▸ **ACTIVITY**:
Your output should be the lines below from the one holding "4P Blue Foil" through the one holding "Similarly, according to", transcribed exactly, with no pictures.

[Collection entries]
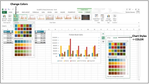 يكون خيار تغيير الألوان (Change Colors) هو نفسه الموجود في عناصر المخطط (أدوات← تغير النمط ← الألوان)
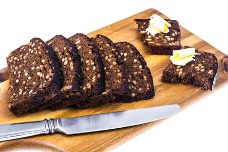 Enjoy a beautiful image of freshly sliced dark bread topped with butter, presenting a delicious meal option. Perfect for showcasing rustic cuisine in a kitchen setting.
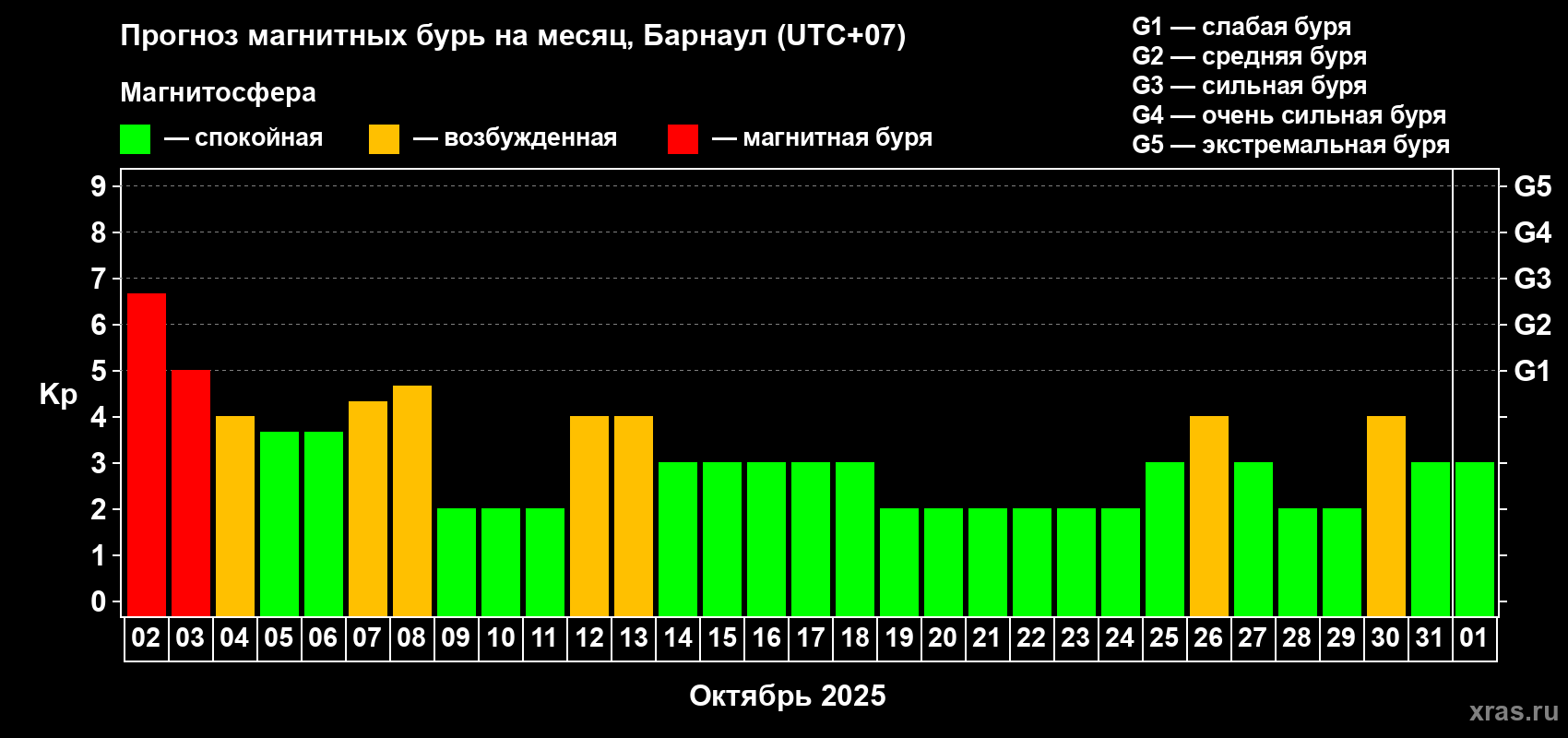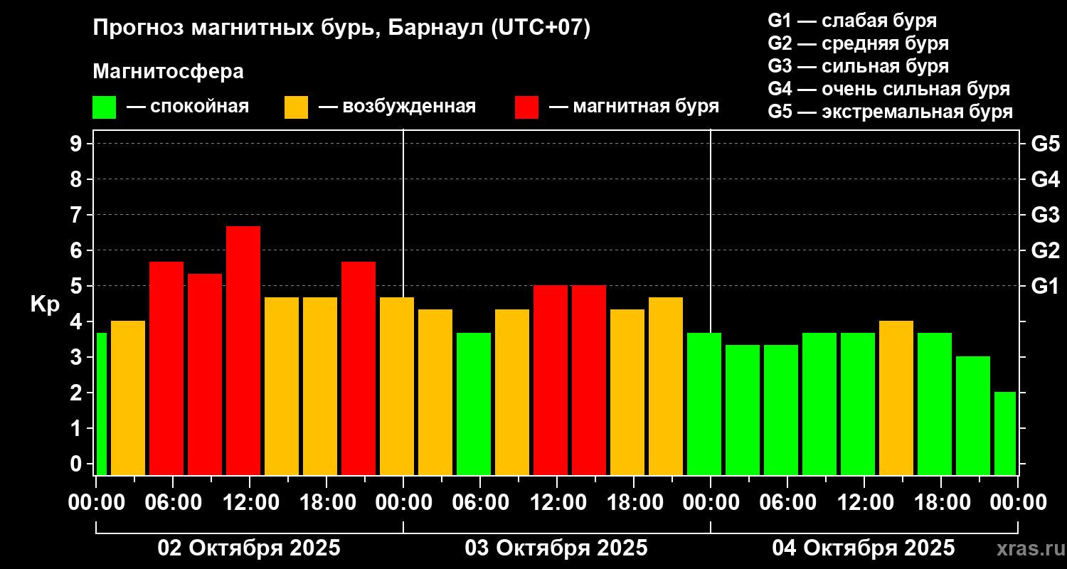 Прогноз магнитных бурь в Барнауле — 2 октября 2025 года
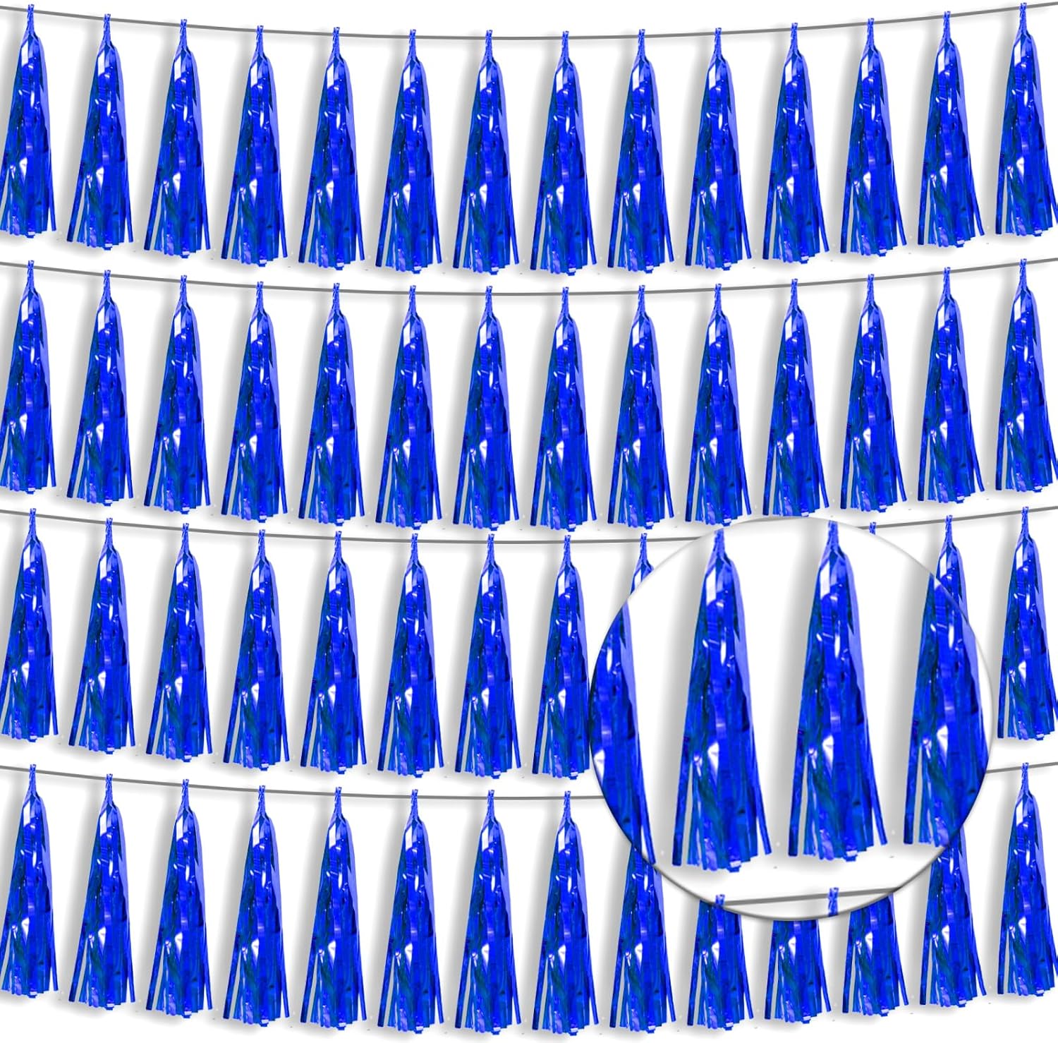 4P Blue Foil Fringe Tassel Banner Garland Metallic Tinsel Streamers Wall Hanging Curtain Backdrop Banner for Parade Floats, 2024 Graduation Decorations, Retirement Party Decoration
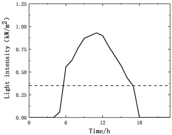 Similarly, according to the typical annual solar intensity, the PV output can be approximately considered as proportional to the solar intensity and PV module area. The relationship can be expressed as Equation (9):
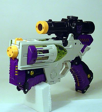 Una pequeña reseña sobre esta figura, a mi gusto una de las mejores de Classics. Modo Alterno La vuelta a la pistola despues de mas de 20 años, en si no es ninguna maravilla pero cumple muy bien, ninguna cabeza asomada o una mano a la vista, es una pistola echa y derecha, no es realista es cierto, tiene mas pinta de laser de kamen rider que de una pistola concreta, pero no se ve mal, aptica para un adulto, buen tamaño. La mira no es funcional, de hecho apenas se ve un carajo XDD, pero algo se ve y tiene una cruz de objetivo pertinente, dentro de este punto mi primera critica, el logo Decepticon que tiene pudo ser mejor, se ve algo pobre es su realización, mucho mejor el del pecho de la figura. El gatillo si es funcional pero obviamente no dispara nada, lo que se supone es la salida del cañon parece una tapa de desechable, pero como dije antes, es una pistola de juguete y sinceramente, y conociendo en mano el Nerf Maverick, Megatron se ve mucho mas pasable.

▸ **TASK SOLUTION**:
 4P Blue Foil Fringe Tassel Banner Garland Metallic Tinsel Streamers Wall Hanging Curtain Backdrop Banner for Parade Floats, 2024 Graduation Decorations, Retirement Party Decoration
 Similarly, according to the typical annual solar intensity, the PV output can be approximately considered as proportional to the solar intensity and PV module area. The relationship can be expressed as Equation (9):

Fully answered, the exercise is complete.